To clarify, as it turned out, I was not a passive participant in the Journey to Empowerment. My process was just different. The following is the sequence of what that process actually looked like:

  • I read, re-read, and edited a book filled with what I believed at the time was “indigestible hogwash.”

  • I began listening to people I greatly admire, who embody the concepts of the book and actually seemed happy.

  • I began feeling less at ease with the way I thought about myself, and my shields seemed less necessary or powerful.

  • I started to wonder…

  • I was becoming more and more open to the possibility that this was not just “indigestible hogwash.”

  • I then began to believe that this would work on other people.

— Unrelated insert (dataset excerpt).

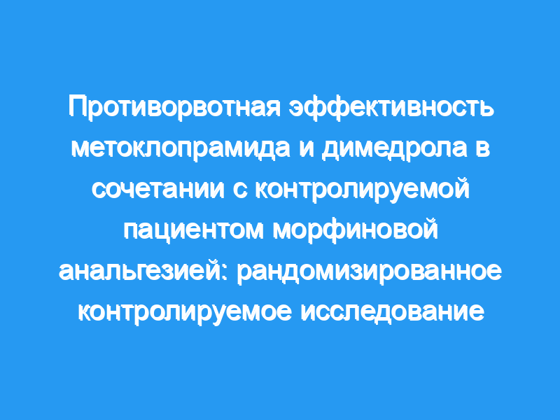 результаты этого исследования показали, что комбинация метоклопрамида с димедролом у пациентов, получавших дексаметазон при индукции анестезии, уменьшала послеоперационную тошноту и рвоту по сравнению с метоклопрамидом или димедролом у этих пациентов при добавлении к контролируемой пациентом анестезии морфином.

  • Further, I began to believe that there was a possibility that this could work for me as well.

  • I started practicing.

  • I started looking forward to it.

  • I started feeling the difference.

Then, something else began to happen. I began to take more control and believe in my own possibilities. I believed that I did not have to engage in my negative thoughts, but instead I could try to understand them, understand what was really being communicated to me, and understand how to “flip them” then move forward with more “light” and positivity.

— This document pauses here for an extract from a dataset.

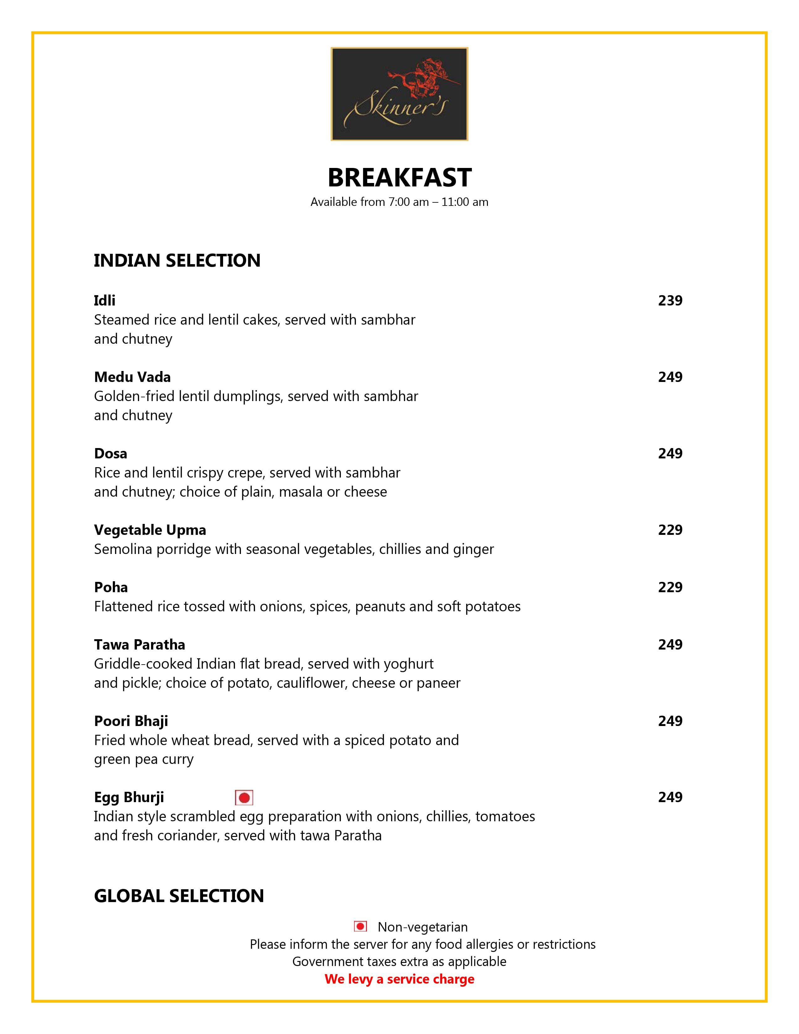 Skinners offers a multi-cuisine menu that includes Indian, European, American, and pan-Asian dishes. You can enjoy a diverse range of flavors and culinary styles in one place.

I have even had a few “relapses” where I allowed my thoughts to take me on that negative spiral, or I allowed other people’s “mistreatment” to define me. And, here’s the thing that happened next: Once you know what it feels like to genuinely and authentically be in alignment, body, mind, heart and soul, it becomes so much easier to recapture it and get back on that path. In these moments, when I stopped to reflect, read, and even talk to a few people, it was back with me instantaneously. I know what it feels like to be happy. Nothing in my external life significantly changed during this time. All that truly changed was my thinking.

So, here’s the other thing. While physics has never been a favorite subject of mine, I do believe in “Energy.” I believe we allow certain people or events in our lives based on the “energy” we emit, meaning, based on our most recurrent thoughts. I was indeed seeking something that found me. I believe this book, these pages strung together, full of sentences and words, came into my life at a time when my energy was in the process of shifting and needed more guidance.

So, yes, I feel more empowered. Every day I feel stronger, happier, and it feels easier and easier to believe that this is the way I’m supposed to feel. This has been my journey and my new path that I look forward to continuing to explore. Next on my path, SWEET’s second book: Discovering Your Worth. Perhaps, I’m ready to digest it like an exceptional meal. Who knows? We shall see!